In computer science, Decision tree learning uses a decision tree (as a predictive model) to go from observations about an item to conclusions about the item’s target value. It is one of the predictive modelling approaches used in statistics, data mining and machine learning. Tree models where the target variable can take a discrete set of values are called classification trees and where the target variable can take continuous values (typically real numbers) are called regression trees.

In this blog, we will use decision trees to solve the churn problem for a telephonic service provider, Telco! The goal of this blog is about building a decision tree classifier. Furthermore, we will look at some metrics in the end in order to evaluate the performance of our decision tree model.

What is Customer Churn?

Churn is defined slightly differently by each organization or product. Generally, the customers who stop using a product or service for a given period of time are referred to as churners. As a result, churn is one of the most important elements in the Key Performance Indicator (KPI) of a product or service. A full customer lifecycle analysis requires taking a look at retention rates in order to better understand the health of the business or product.

From a machine learning perspective, churn can be formulated as a binary classification problem. Although there are other approaches to churn prediction (for example, survival analysis), the most common solution is to label “churners” over a specific period of time as one class and users who stay engaged with the product as the complementary class.

What is a Decision Tree?

Decision trees, one of the simplest and yet most useful Machine Learning structures. Decision trees, as the name implies, are trees of decisions.

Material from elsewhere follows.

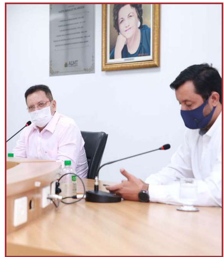
Indústria e comércio sentem reflexos negativos e buscam solução
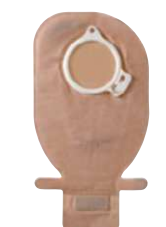
سیستم دوتکه – ته باز

Image result for decision tree
Taken from here

 

You have a question, usually a yes or no (binary; 2 options) question with two branches (yes and no) leading out of the tree. You can get more options than 2, but for this article, we’re only using 2 options.

Trees are weird in computer science. Instead of growing from a root upwards, they grow downwards. Think of it as an upside down tree.

The top-most item, in this example, “Am I hungry?” is called the root. It’s where everything starts. Branches are what we call each line. A leaf is everything that isn’t the root or a branch.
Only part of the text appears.